Everything in the listing below must be set down again exactly, apart from the pictures.

- [RECORDED DATA]

-- Opening Marker --

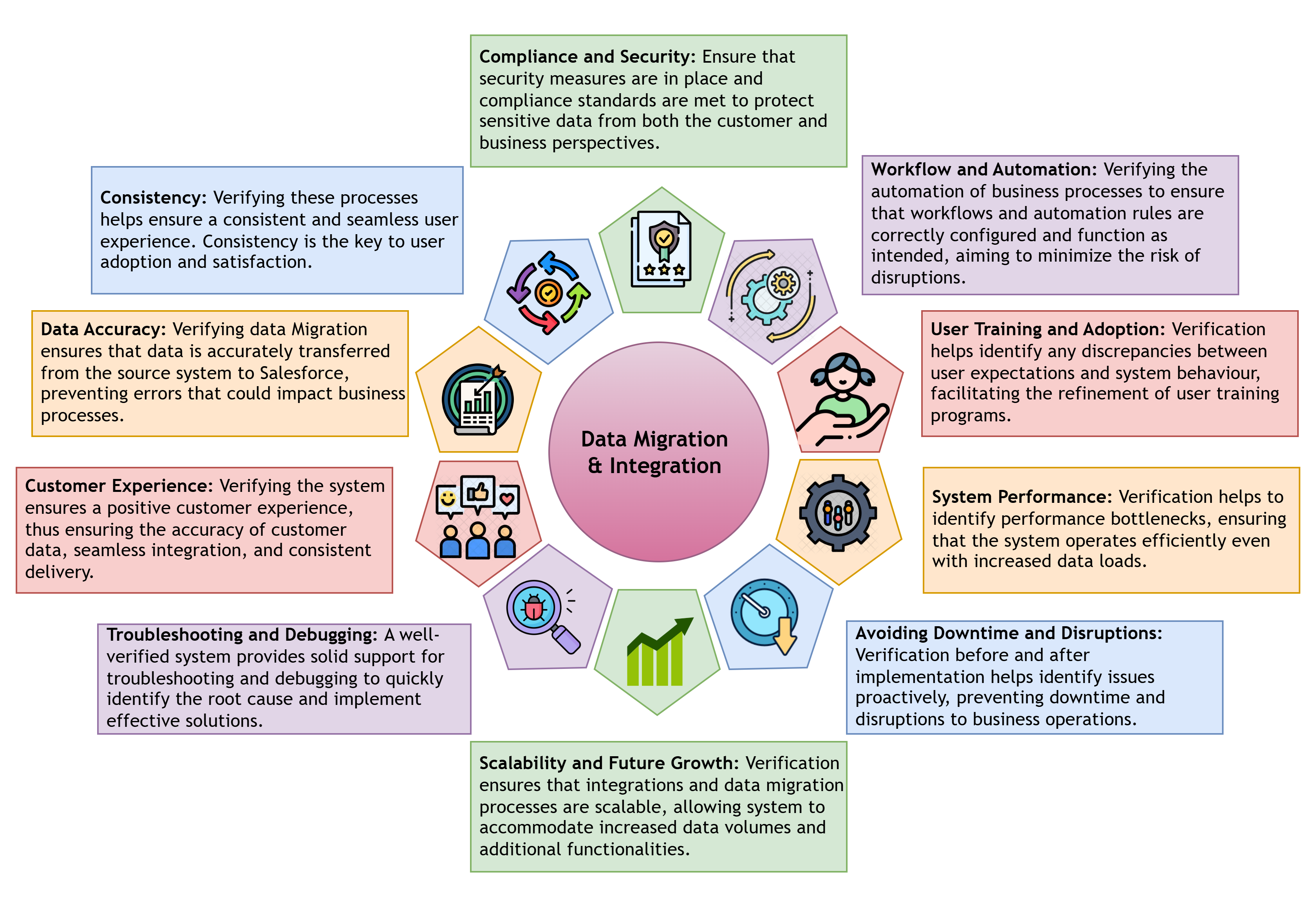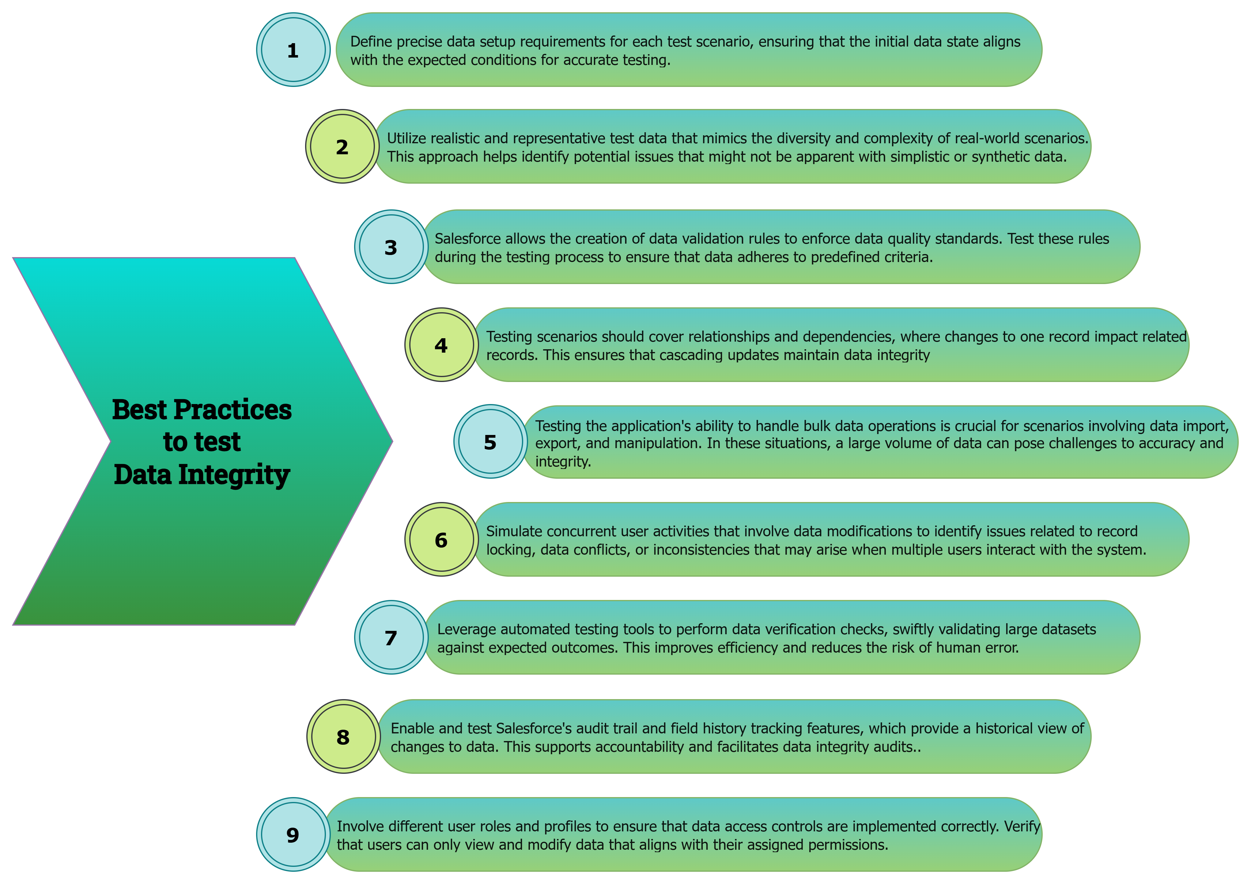 Here are key considerations and best practices to ensure data accuracy and integrity in Salesforce testing:
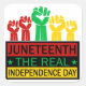 Justice sociale et Black History mot art autocollant caractéristiques des poings élevés avec "Junetten - le Jour de l'Indépendance Réel" texte dans Pan Afrique couleurs combo
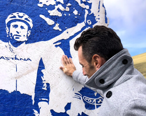 Il legame tra questo paese delle Marche e Scarponi si respira ovunque. Nelle foto che sbucano dalle finestre che danno sul corso, fino al murales realizzato recentemente proprio per il passaggio del Giro. Lo troviamo nel punto maledetto dove 5 anni fa avvenne la tragedia. Al centro dell’opera, realizzata da uno street artist di Osimo, campeggia Frankie, la stupenda ara giallo-blu che accompagnava Michele nei suoi allenamenti. E che ha reso dolci e oramai struggenti i loro video che girano sul web. Anche noi, alzandoci sui pedali, scrutiamo il cielo oltre la visiera del cappellino. Nella speranza che un’ara giallo-blu voglia farci compagnia per un tratto di strada…
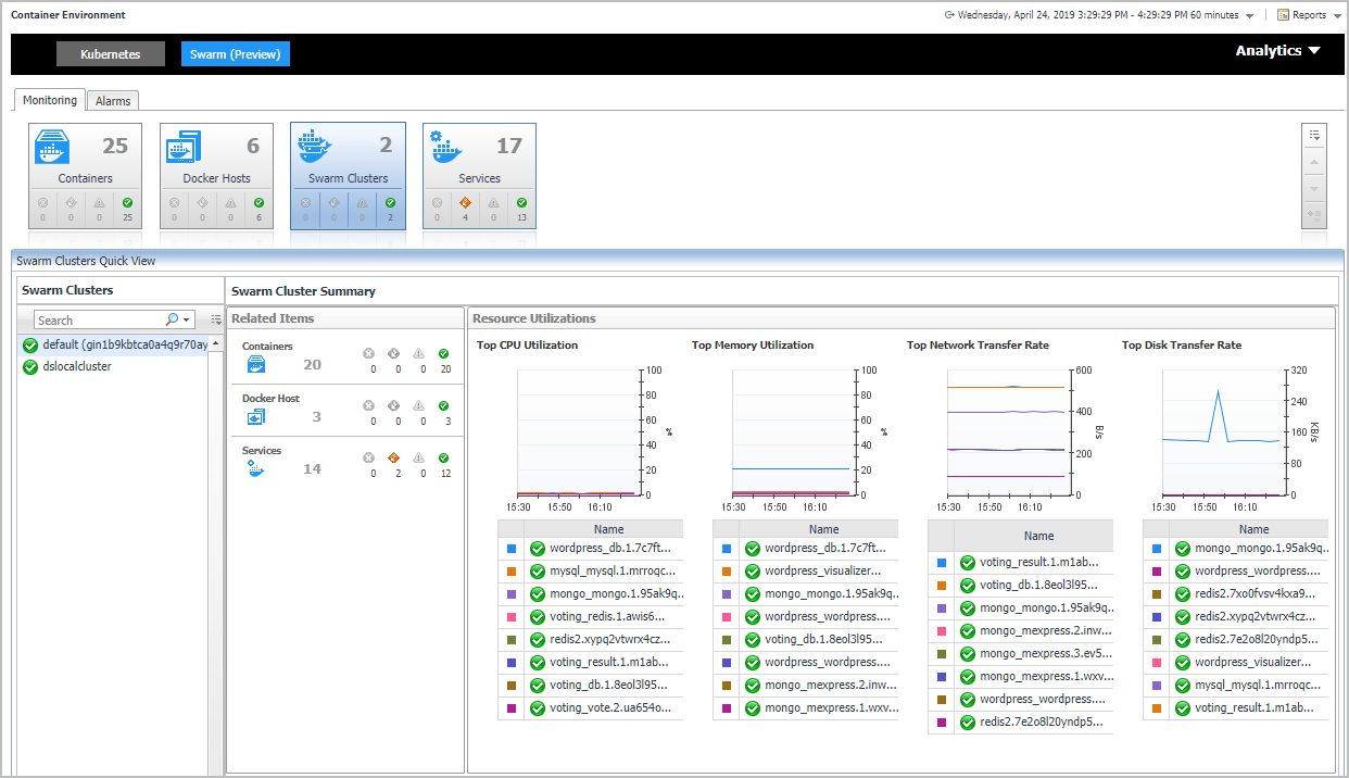 Resource Utilizations: Shows CPU Utilization, Memory Utilization, Network Transfer Rate, Disk Transfer Rate metrics of the containers running in this docker swarm cluster in descending order. |

-- Closing Marker --

- [ANSWER TO THIS PROBLEM]
 Here are key considerations and best practices to ensure data accuracy and integrity in Salesforce testing:
 Justice sociale et Black History mot art autocollant caractéristiques des poings élevés avec "Junetten - le Jour de l'Indépendance Réel" texte dans Pan Afrique couleurs combo
 Il legame tra questo paese delle Marche e Scarponi si respira ovunque. Nelle foto che sbucano dalle finestre che danno sul corso, fino al murales realizzato recentemente proprio per il passaggio del Giro. Lo troviamo nel punto maledetto dove 5 anni fa avvenne la tragedia. Al centro dell’opera, realizzata da uno street artist di Osimo, campeggia Frankie, la stupenda ara giallo-blu che accompagnava Michele nei suoi allenamenti. E che ha reso dolci e oramai struggenti i loro video che girano sul web. Anche noi, alzandoci sui pedali, scrutiamo il cielo oltre la visiera del cappellino. Nella speranza che un’ara giallo-blu voglia farci compagnia per un tratto di strada…
 Resource Utilizations: Shows CPU Utilization, Memory Utilization, Network Transfer Rate, Disk Transfer Rate metrics of the containers running in this docker swarm cluster in descending order. |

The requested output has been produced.